# ICOR: Improving Codon Optimization with Recurrent Neural Networks in Colab

## Introduction

ICOR (Improving Codon Optimization with Recurrent neural networks) is a deep learning-based tool that optimizes codon usage for enhanced protein expression in Escherichia coli. By leveraging recurrent neural networks, ICOR learns codon usage patterns and context to improve upon traditional frequency-based optimization methods.

This notebook provides a user-friendly interface for batch optimizing of DNA or AA sequences using ICOR, created by <b><font color='Gold'>**Logan Hessefort**</font></b> ([LinkedIn](https://www.linkedin.com/in/logan-hessefort/)).

This notebook is based on the excellent work from [Jain et al. (2023)](https://doi.org/10.1186/s12859-023-05246-8), who developed the original ICOR algorithm.

This notebook was created as part of a <b><font color='green'>US Department of Energy SCGSR Fellowship</font></b> ([details](https://science.osti.gov/wdts/scgsr)) at the National Renewable Energy Laboratory with additional support from the <b><font color='DodgerBlue'>US National Science Foundation</font></b> ([grant](https://www.nsf.gov/awardsearch/showAward?AWD_ID=2132183&HistoricalAwards=false)).

## How to Use This Notebook

1. Run the cells in order. The notebook will:
   - Set up the required environment
   - Clone the ICOR repository
   - Install necessary dependencies

2. Prepare your input CSV file (see next section for details)

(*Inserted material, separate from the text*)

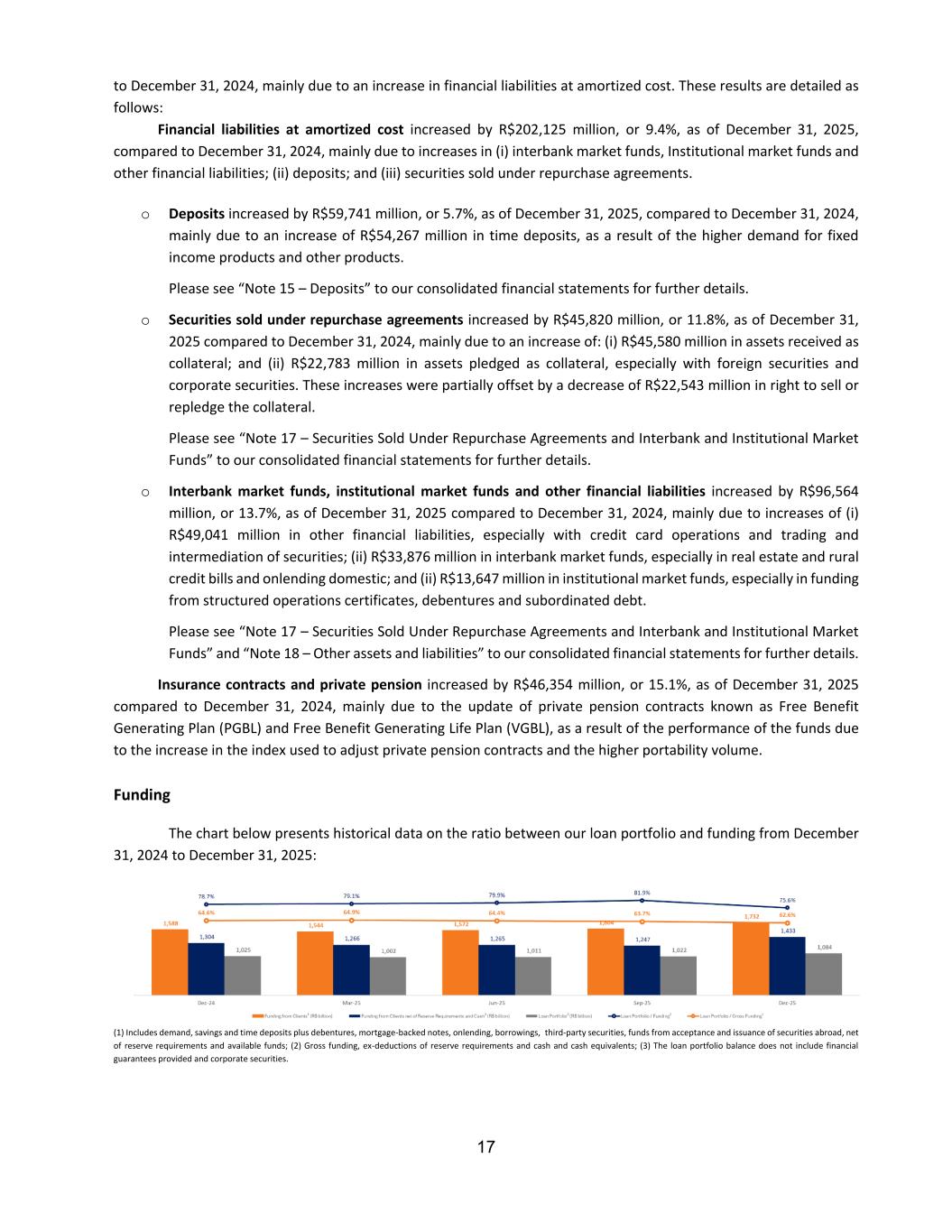 17 to December 31, 2024, mainly due to an increase in financial liabilities at amortized cost. These results are detailed as follows: Financial liabilities at amortized cost increased by R$202,125 million, or 9.4%, as of December 31, 2025, compared to December 31, 2024, mainly due to increases in (i) interbank market funds, Institutional market funds and other financial liabilities; (ii) deposits; and (iii) securities sold under repurchase agreements. o Deposits increased by R$59,741 million, or 5.7%, as of December 31, 2025, compared to December 31, 2024, mainly due to an increase of R$54,267 million in time deposits, as a result of the higher demand for fixed income products and other products. Please see “Note 15 – Deposits” to our consolidated financial statements for further details. o Securities sold under repurchase agreements increased by R$45,820 million, or 11.8%, as of December 31, 2025 compared to December 31, 2024, mainly due to an increase of: (i) R$45,580 million in assets received as collateral; and (ii) R$22,783 million in assets pledged as collateral, especially with foreign securities and corporate securities. These increases were partially offset by a decrease of R$22,543 million in right to sell or repledge the collateral. Please see “Note 17 – Securities Sold Under Repurchase Agreements and Interbank and Institutional Market Funds” to our consolidated financial statements for further details. o Interbank market funds, institutional market funds and other financial liabilities increased by R$96,564 million, or 13.7%, as of December 31, 2025 compared to December 31, 2024, mainly due to increases of (i) R$49,041 million in other financial liabilities, especially with credit card operations and trading and intermediation of securities; (ii) R$33,876 million in interbank market funds, especially in real estate and rural credit bills and onlending domestic; and (ii) R$13,647 million in institutional market funds, especially in funding from structured operations certificates, debentures and subordinated debt. Please see “Note 17 – Securities Sold Under Repurchase Agreements and Interbank and Institutional Market Funds” and “Note 18 – Other assets and liabilities” to our consolidated financial statements for further details. Insurance contracts and private pension increased by R$46,354 million, or 15.1%, as of December 31, 2025 compared to December 31, 2024, mainly due to the update of private pension contracts known as Free Benefit Generating Plan (PGBL) and Free Benefit Generating Life Plan (VGBL), as a result of the performance of the funds due to the increase in the index used to adjust private pension contracts and the higher portability volume. Funding The chart below presents historical data on the ratio between our loan portfolio and funding from December 31, 2024 to December 31, 2025: (1) Includes demand, savings and time deposits plus debentures, mortgage-backed notes, onlending, borrowings, third-party securities, funds from acceptance and issuance of securities abroad, net of reserve requirements and available funds; (2) Gross funding, ex-deductions of reserve requirements and cash and cash equivalents; (3) The loan portfolio balance does not include financial guarantees provided and corporate securities.

3. Upload your CSV file when prompted

4. The script will process each sequence and output a consolidated CSV with the results

## Input CSV Structure

Your input CSV should contain the following columns:

- `Sequence Name`: A unique identifier for each sequence
- `Sequence`: The original DNA sequence

Your CSV should look something like this:

| Sequence Name | Sequence |
|:-------------:|:--------:|
| Gene1 | ATGCATGCATGC... |
| Gene2 | ATGGCTAGCTAG... |
| ... | ... |
| GeneN | ATGTACGTACGT... |

## Output

The script will generate a consolidated CSV file containing:

- Sequence Name
- Original Sequence
- ICOR Optimized Sequence


For any issues or questions, please refer to the [ICOR-batch GitHub repository](https://github.com/Loganz97/icor-codon-optimization-batch).

In [None]:
#@title Setup Environment and Clone Repository

#@markdown Run this cell to set up the environment and clone the ICOR repository. This step will:
#@markdown
#@markdown 1. Install required Python packages
#@markdown 2. Clone the ICOR repository
#@markdown 3. Set up the necessary Python path
#@markdown
#@markdown <font color="cyan">**Note**: This cell may take a few minutes to run as it installs dependencies and clones the repository.</font>
%pip install -q biopython numpy onnxruntime==1.12.0 selenium webdriver_manager pandas
!git clone -q https://github.com/Loganz97/icor-codon-optimization-batch/
%cd icor-codon-optimization-batch
import os
import sys
import pandas as pd
from Bio.Seq import Seq
import onnxruntime as rt
import numpy as np

# Add the 'tool' directory to the Python path
tool_dir = os.path.abspath('tool')
if tool_dir not in sys.path:
    sys.path.insert(0, tool_dir)

In [None]:
#@title ICOR Optimization Input Parameters

#@markdown **Job Name:** Name for this optimization run
jobname = "ICOR_Optimization_1" #@param {type:"string"}

#@markdown **Sequence Type:** Choose between DNA or Amino Acid (AA) input
sequence_type = "AA" #@param ["DNA", "AA"]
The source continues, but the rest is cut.